My solution, using open tuition notes as a guide:
(0.5 x 1.03)/(0.1-0.03) x 0.826 + (0.25 x 0.826) = $6.28 per share
What have I done wrong and why am I wrong?June 15, 2020 at 9:37 am
You should not have multiplied the 0.5 by 1.03 in the first term in your equation. Then you would have arrived at the correct answer of $6.11 per share.
The reason is that had the first of the growing dividends been in 1 years time, the formula would have given the PV ‘now’. The term Do(1+g) is the current dividend plus 1 years growth and is therefore the dividend in 1 years time.
Here, the first growing dividend is at time 3 instead of at time 1, and therefore the formula gives the PV two years later i.e. at time 2 (and so needs then to be discounted for 2 years). The term Do(1+g) is the dividend at time 3 instead of at time 1 and is therefore $0.50 (not $0.50 plus growth).
You say that you have used our notes as a guide, but did you watch the free lectures that go with the notes (because I do explain this in the lectures). It is pointless to use the notes without watching the lectures – they are only lecture notes and it is in the lectures that I explain and expand on the notes.June 17, 2020 at 5:58 pm
Yes, I watched the videos with the notes.

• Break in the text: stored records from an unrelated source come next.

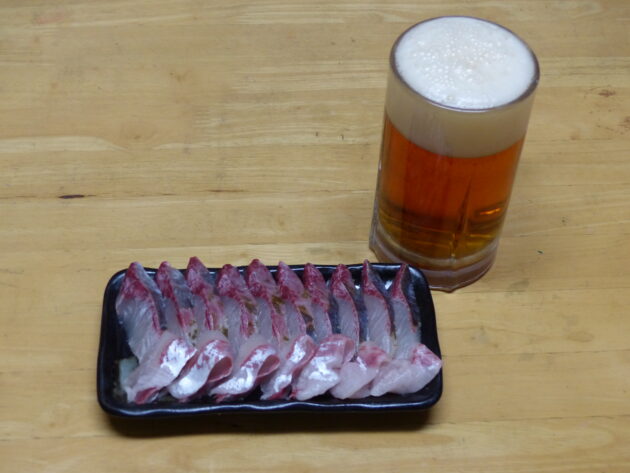 今回は、ボラの刺身で一杯やりました。
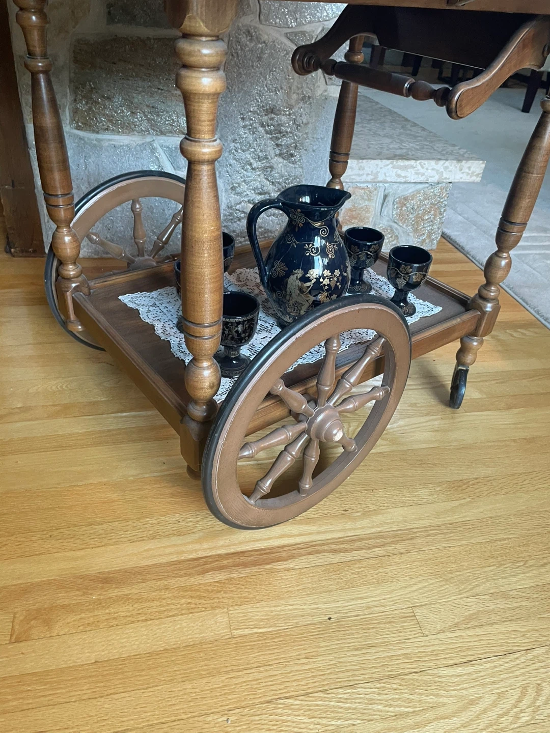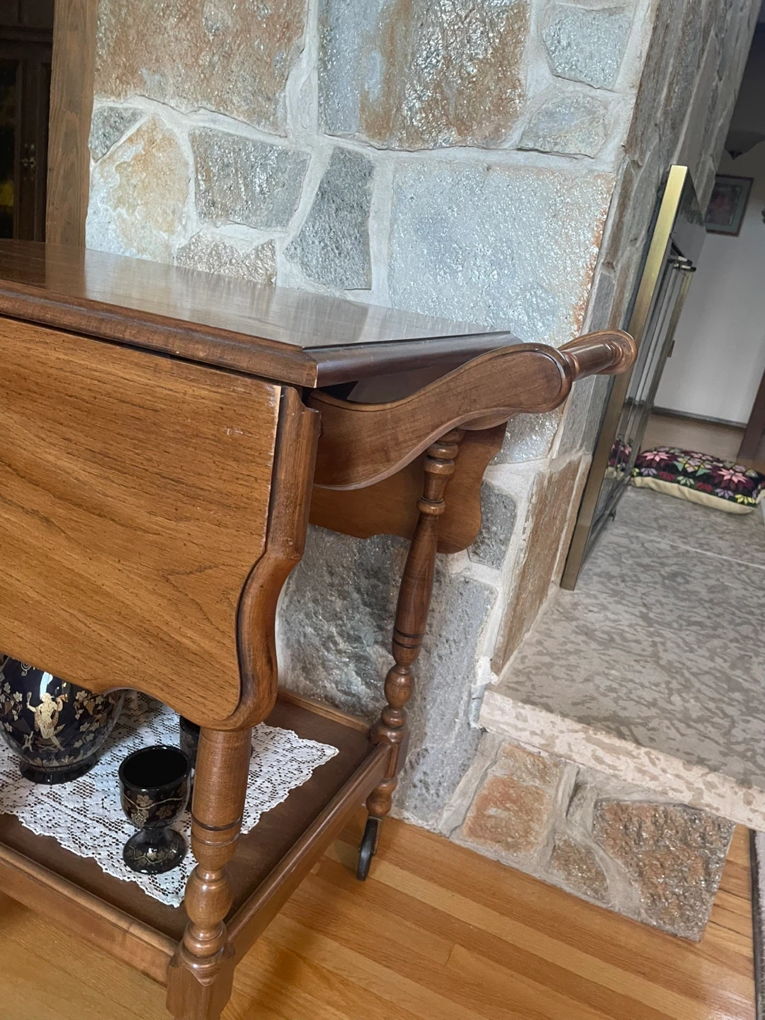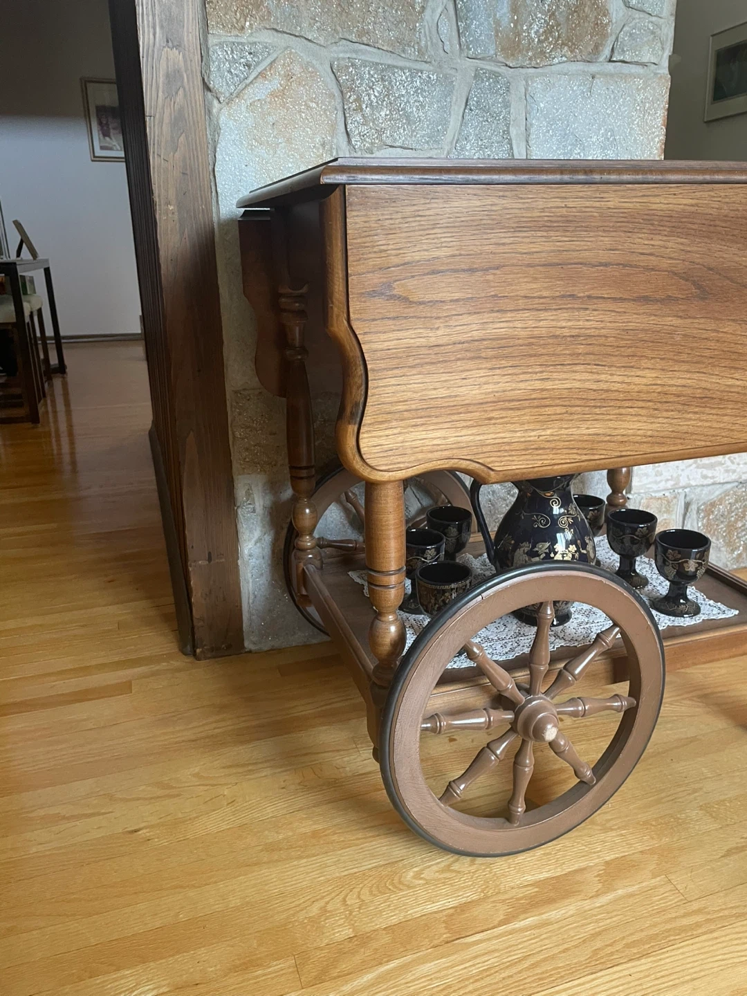 Selling a charming vintage wooden tea cart! It features a unique wheel design, side leaves for up and down for extra space and easy storage. Perfect for adding a touch of retro elegance to your home. Would be a great upcycle too! 27 wide x 29 high x 20 deep (without leaves) 39 with leaves Pick up in East Kildonan, cash please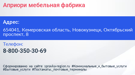 Априори, мебельная фабрика по адресу 654041, Кемеровская область, Новокузнецк, Октябрьский проспект, 8 в дальнейшем Организация, размещена в следующих категориях: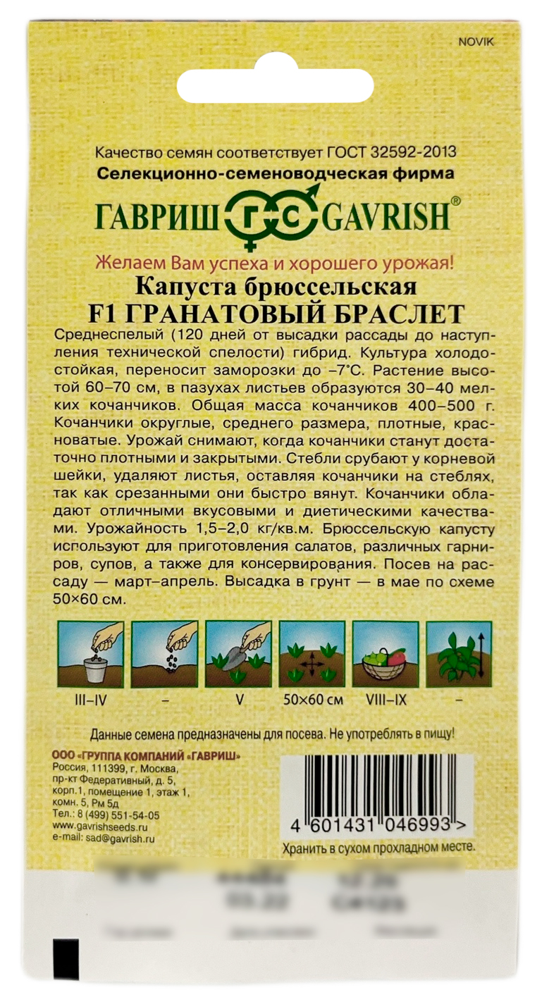Капуста брюссельская Гранатовый браслет F1 0,1г автор семена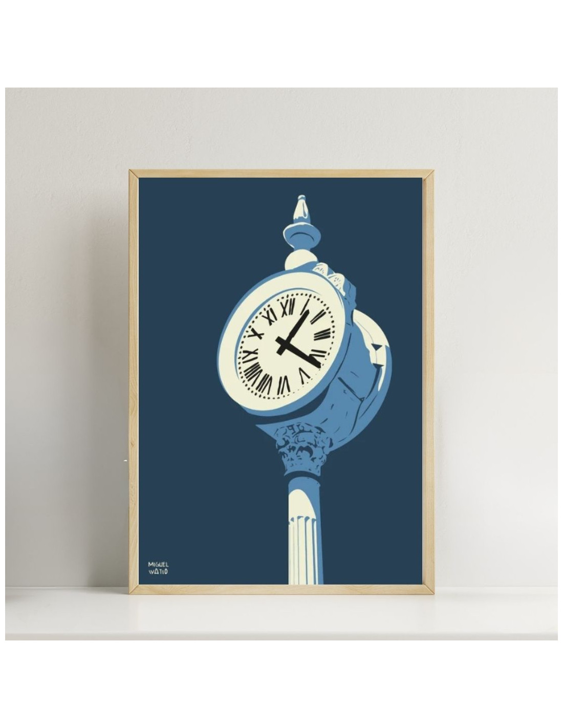 Inspirada en el reloj situado en la plaza Los Jardines de la Reina de Gijón fué construido hacia 1922 y tiene un hermano similar en El Musel.

I am talking about Chapter 15, page 78, example 7 of the notes.
They calculated p2 as 20c(1.04)÷ 0.15-0.04 then, multiplied by 0.756.
But with the BPP MCQ, they didn’t multiply the dividend by the growth rate first. Please John kindly explain.June 18, 2020 at 8:25 am
The alternative way is to do what you were doing.
However using (0.5 x 1.03)/(0.1-0.03) would give the value in 3 years time of the dividends from time 4 onwards (because it is using the dividend at time 3 as being Do).
So the answer would then need discounting for 3 years to get the PV (not 2 years).
Having got the PV of the dividend from time 4 onwards, you then need to add on the PV of the dividend in 2 years time (which you have done correctly) and also add on the PV of the dividend of 0.50 in 3 years time.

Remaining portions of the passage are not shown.